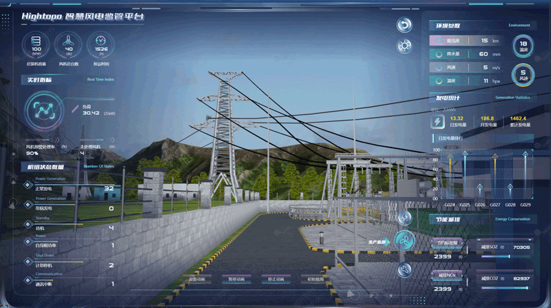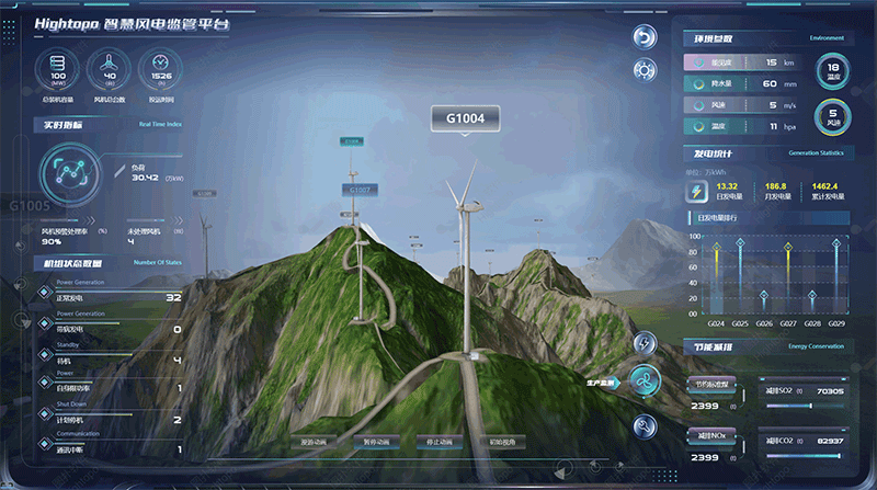运用 Hightopo 自主研发的前端可视化引擎 HT for Web 实现可交互式的 Web 风力发电数字孪生三维场景。可根据时间和天气接口实现白天、黑夜、晴、阴、雨的切换,呈现出与现实世界一致的时空状态。
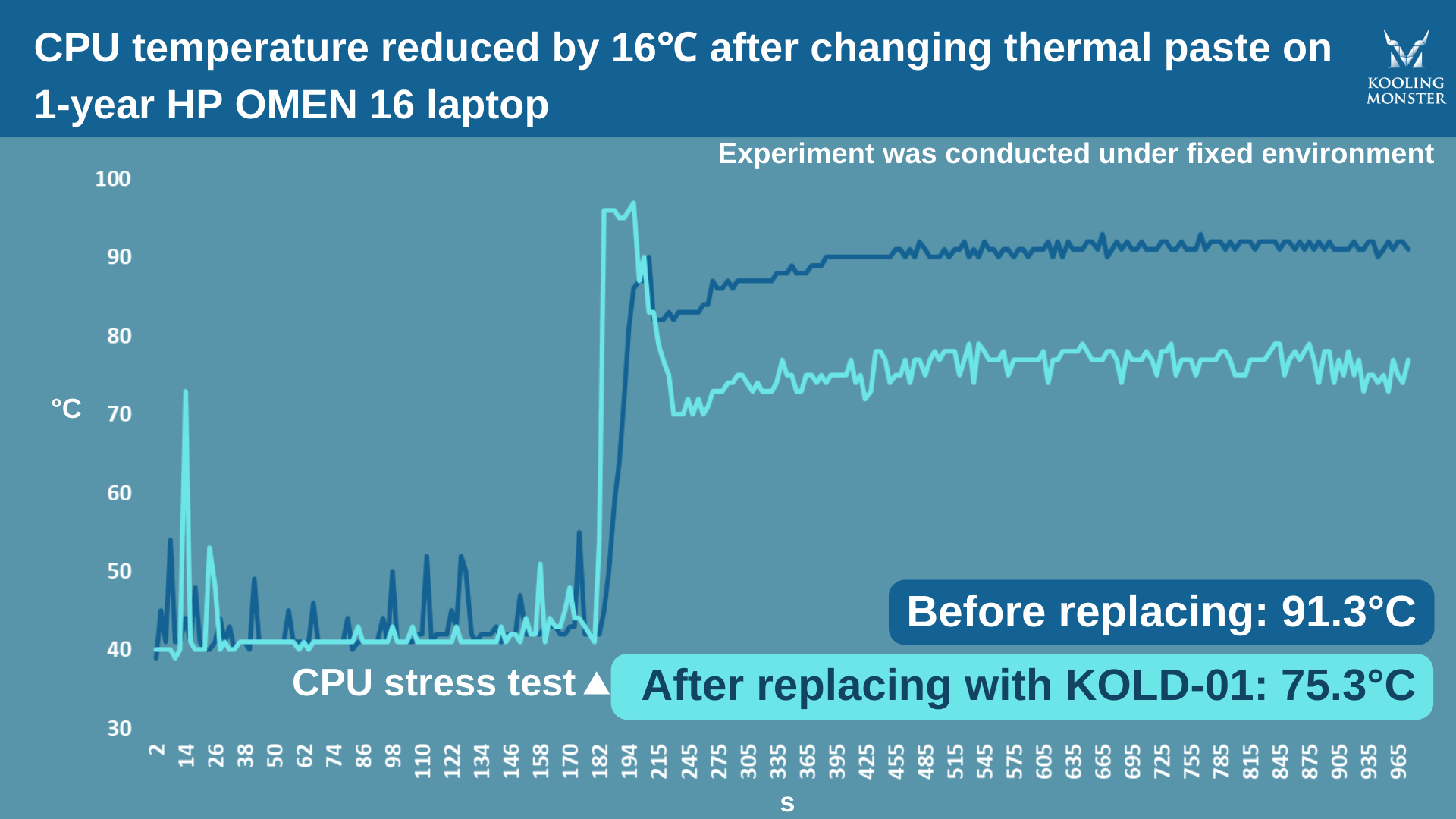 Um das zu verdeutlichen, haben wir Stresstests an einem 1 Jahr alten HP OMEN 16 durchgeführt — vor und nach dem Auftragen neuer Wärmeleitpaste. Verwendet haben wir unsere eigene Kooling Monster KOLD-01 Wärmeleitpaste.
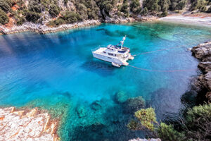 The Salish Sea was the perfect training ground for the Mediterranean. In many ways, a shore-tie is just the wilderness version of a Med-moor. Both require backing toward shore while dropping anchor and securing the stern to keep the boat from swinging. Whether you’re tying to an ancient quay in Greece, a busy marina in France or Italy, or a ring in a quiet British Columbia cove, the mechanics are the same. The only real difference is whether you’re stepping onto a concrete pier or paddling over to barnacle-covered rocks. The coast of Turkey is actually quite similar to the Salish Sea, with a steep and deep tree-covered shoreline, so we shore-tied quite frequently there.
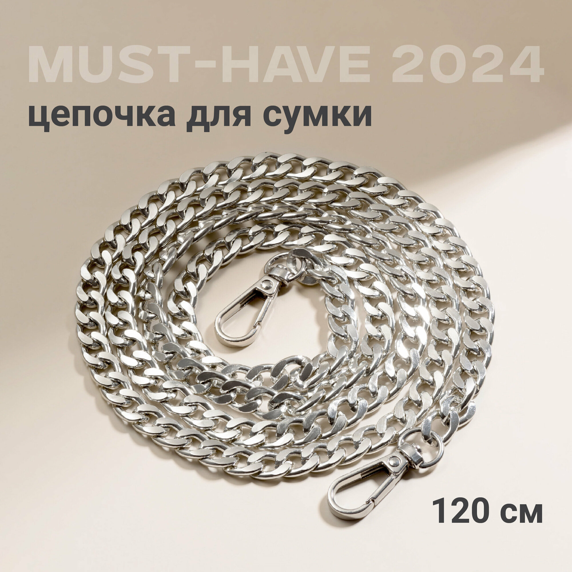 Купить Цепочка для сумки с карабином, JewelryMeverly, Металлическая фурнитура для сумок, Ремешок - ручка на сумку, 120 см, Цвет серебро
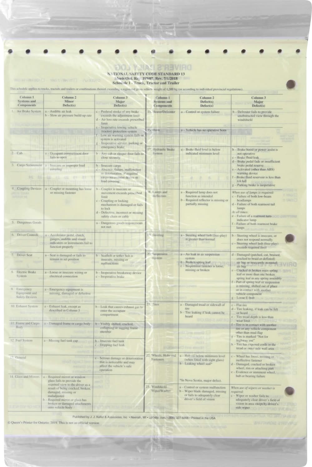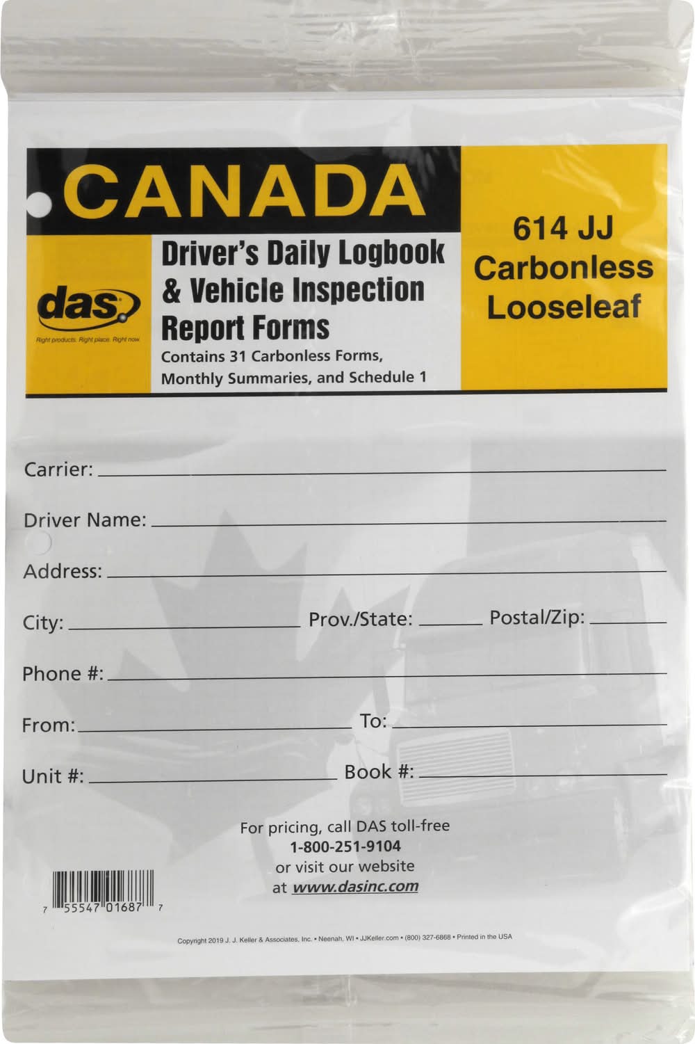 Contains 31 carbonless forms, monthly summaries, and schedule 1. Driver's daily logbook & vehicle inspection report forms. 612 JJ carbonless looseleaf. Right product. Right place. Right now. JJKeller.com. www.dasinc.com. For pricing, call DAS toll-free 1-800-251-9104 or visit our website at www.dasinc.com. Printed in the USA. Jj Keller,
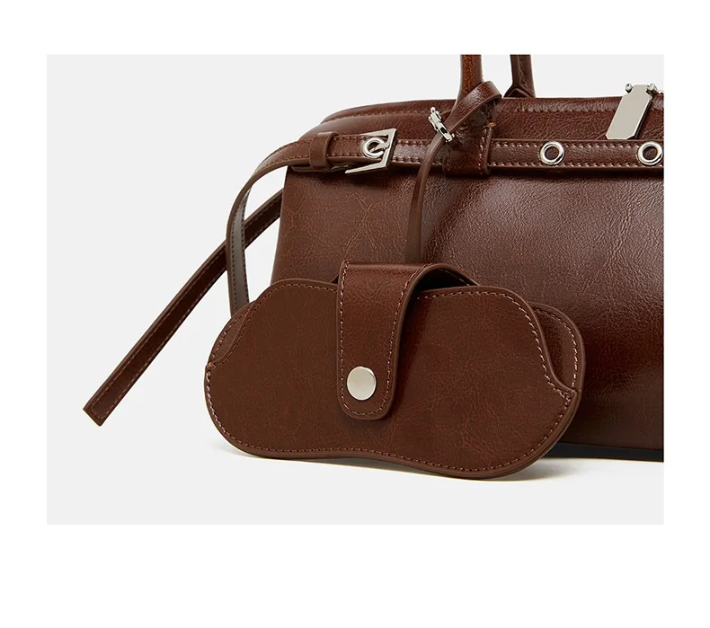 Genuine Leather Women's Baguette Bag Niche Retro Motorcycle Trend Cool belt Handbag New Luxury Design Shoulder Underarm Bag
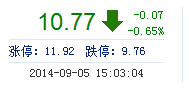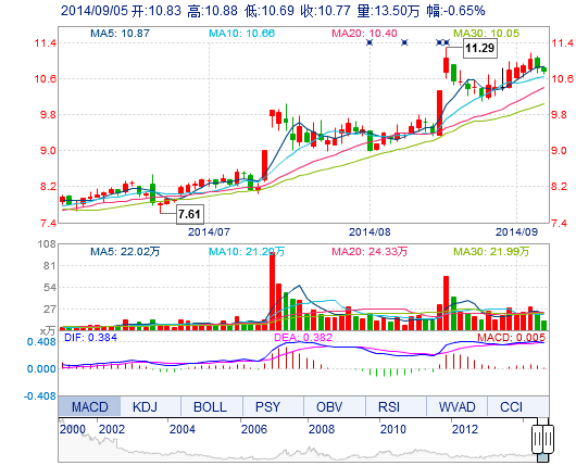 | 今 開: | 10.83 | 成交量: | 13.50萬(wàn)手 | 振 幅: | 1.75% |
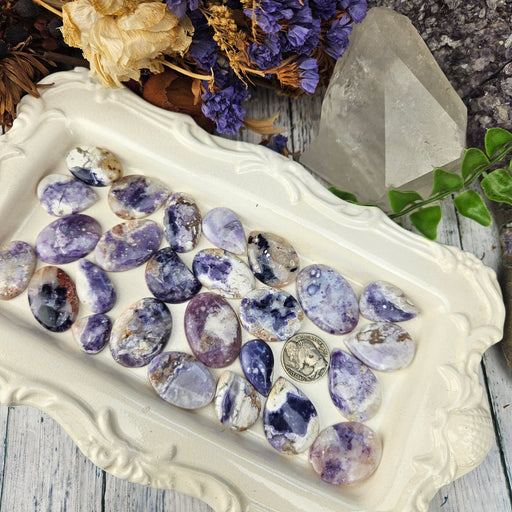These Tiffany Jasper Cabochons are gorgeous shades of lavender that deepen to stunning violet. Our Tiffany Jasper Cabochons are sold as randomly s...
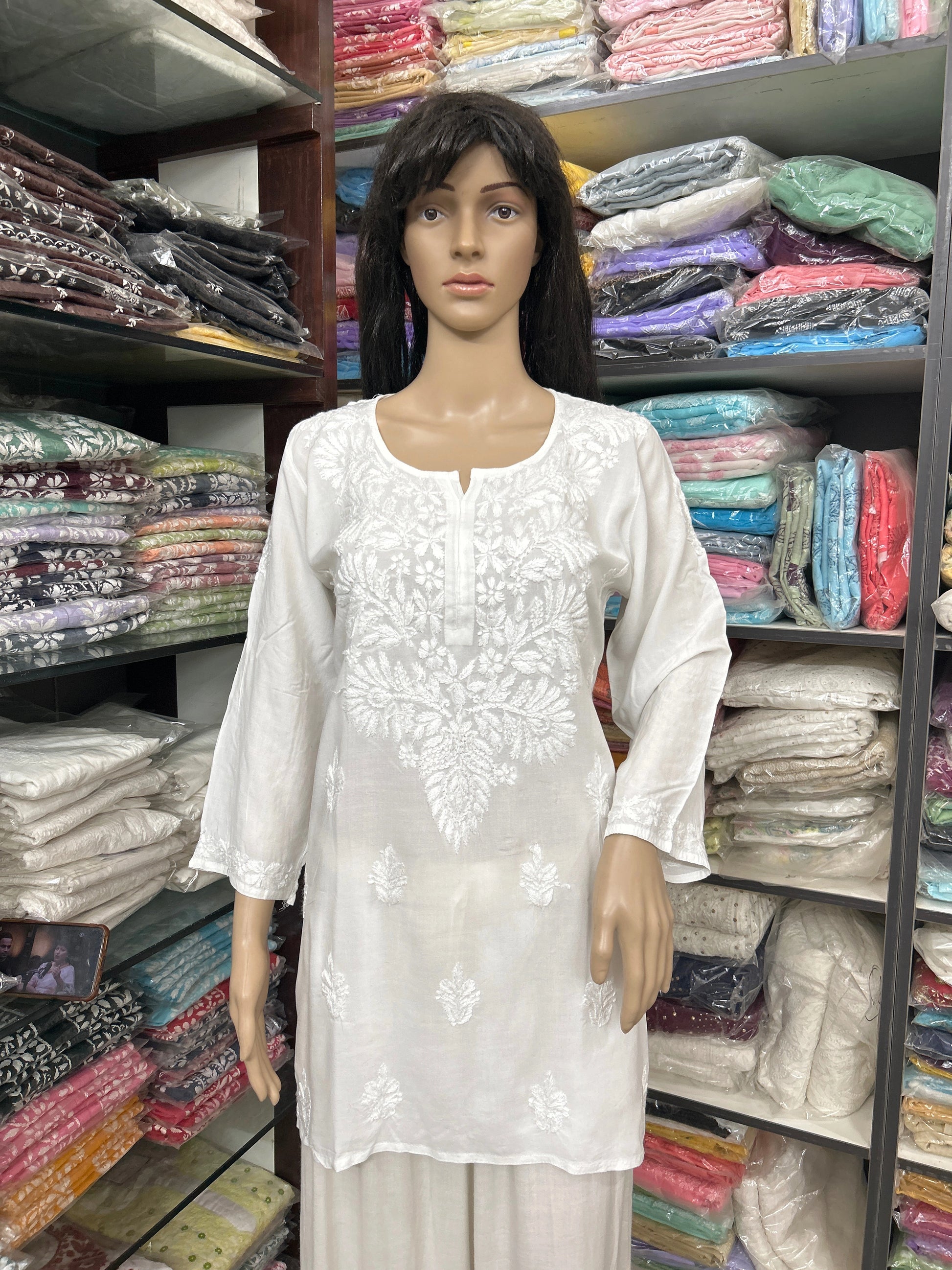 Lucknowi Chikankari White 'Ujaala' Modal Short Kurti-T50004
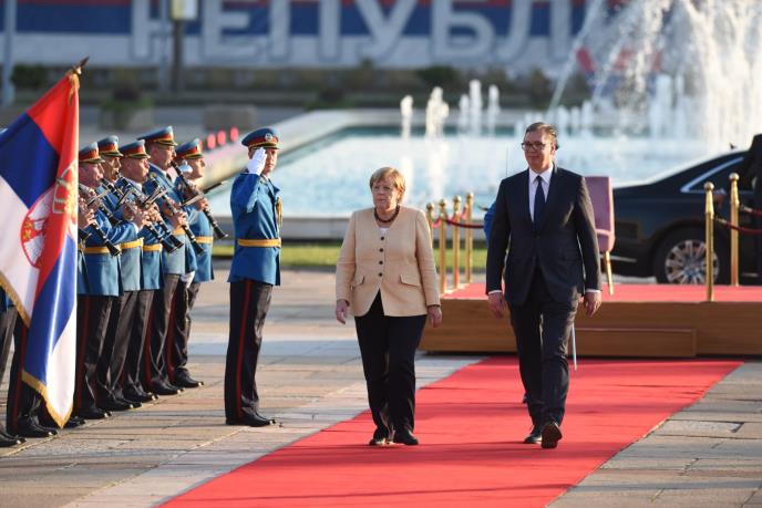 Svečani doček za Angelu Merkel priređen je ispred Palate Srbija u 18.00 nakon čega je usledio razgovor sa predsednikom Srbije Aleksandrom Vučićem i potom zajednička konferencija za novinare.

──────────

▶ **Your instructions**: Write out exactly, please, the lines that start at the one containing "Contains 31 carbonless" and run through the final line of the entries, both included, leaving pictures out.

▶ **Solution for this exercise**:
 Contains 31 carbonless forms, monthly summaries, and schedule 1. Driver's daily logbook & vehicle inspection report forms. 612 JJ carbonless looseleaf. Right product. Right place. Right now. JJKeller.com. www.dasinc.com. For pricing, call DAS toll-free 1-800-251-9104 or visit our website at www.dasinc.com. Printed in the USA. Jj Keller,
 Genuine Leather Women's Baguette Bag Niche Retro Motorcycle Trend Cool belt Handbag New Luxury Design Shoulder Underarm Bag
 | 今 開: | 10.83 | 成交量: | 13.50萬(wàn)手 | 振 幅: | 1.75% |
These Tiffany Jasper Cabochons are gorgeous shades of lavender that deepen to stunning violet. Our Tiffany Jasper Cabochons are sold as randomly s...
 Lucknowi Chikankari White 'Ujaala' Modal Short Kurti-T50004
 Svečani doček za Angelu Merkel priređen je ispred Palate Srbija u 18.00 nakon čega je usledio razgovor sa predsednikom Srbije Aleksandrom Vučićem i potom zajednička konferencija za novinare.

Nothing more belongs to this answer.